Perhaps now, with our planet experiencing an existential crisis due to COVID-19, we will see more people awaken to their true purpose.
Artist and activist Natalie Field
Life, the universe and everything
Do you consider yourself spiritual and how does this feed into your work?
I kickstarted this new artistic journey by attending an artist residency at the Arteles Creative Center in Finland in October 2016. I needed time process my mortality and began questioning my own beliefs about “life, the universe and everything”.
Through the series “Human.Nature”, I explored the mercurial and ephemeral nature of Nature through concepts around creation, evolution, metamorphosis and the transmigration of the soul.
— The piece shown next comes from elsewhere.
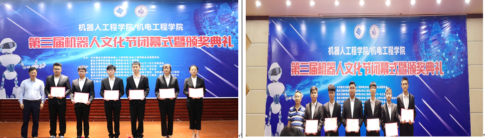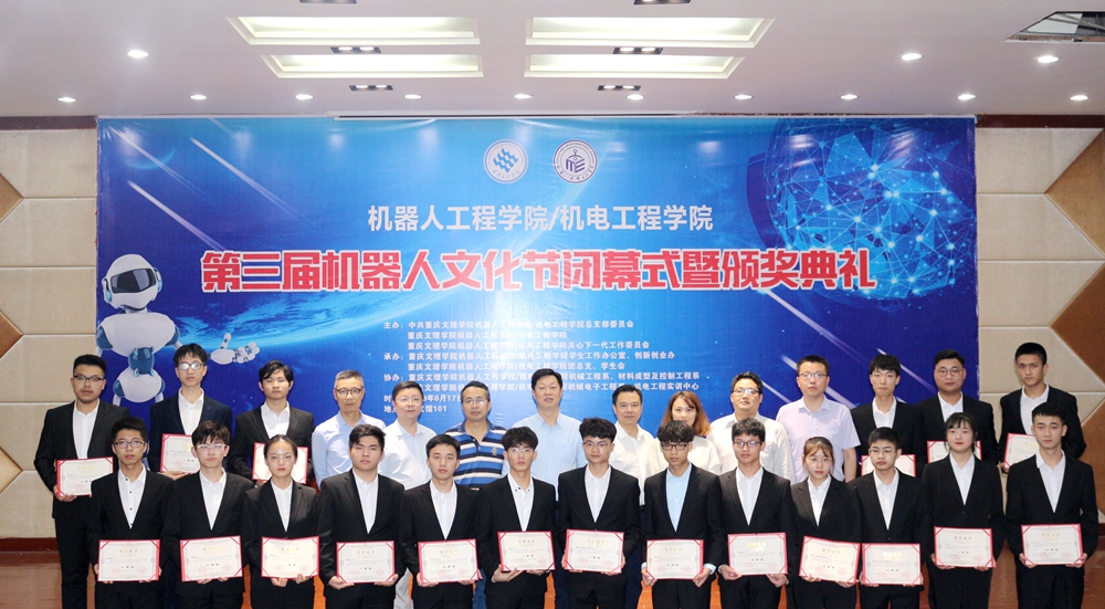 6月17日晚,第三届机器人文化节闭幕式暨颁奖典礼在博文馆101举行。学校教学部部长何万国、学工部部长何独明、学院党总支书记曹勇、院长罗天洪、副院长赵华君颁奖典礼。学院教学办、学工办、实训中心、机械电子工程系负责人、部分专业教师以及2018级学生近200人参加了活动。

After much contemplation, I don’t know if I would call myself spiritual, but I do believe there is an eternal energy that resonates through all the universe.
After all, the first law of thermodynamics states that energy cannot be created nor destroyed, it can only be changed from one form to another. In time, this energy that was once you will transmute to form new life.
To me, this continuation of the life-force is the transmigration of the soul.
My work celebrates this infinite cycle of life, a theme that has become prevalent throughout my projects.
Is there a book you are reading you want to share here with us?
I recently read Robyn Wall Kimmerer’s “Braiding Sweetgrass” and have been recommending it to everyone! Kimmerer combines her scientific views as a botanist with her indigenous knowledge as a Potawatomi woman to compile a beautifully written book that makes you want to go outside and reconnect with the gifts of Nature, whether it is in your garden or in the wilderness.
She shares her personal journey back to her roots as a member of the Potawatomi through anecdotal stories and curious revelations as she follows the connections between science and indigenous knowledge.
She gives me hope that we can live in harmony with our environment.
Saudades …
Aesthetics and Process aside, is there a certain emotion you want to trigger with your work?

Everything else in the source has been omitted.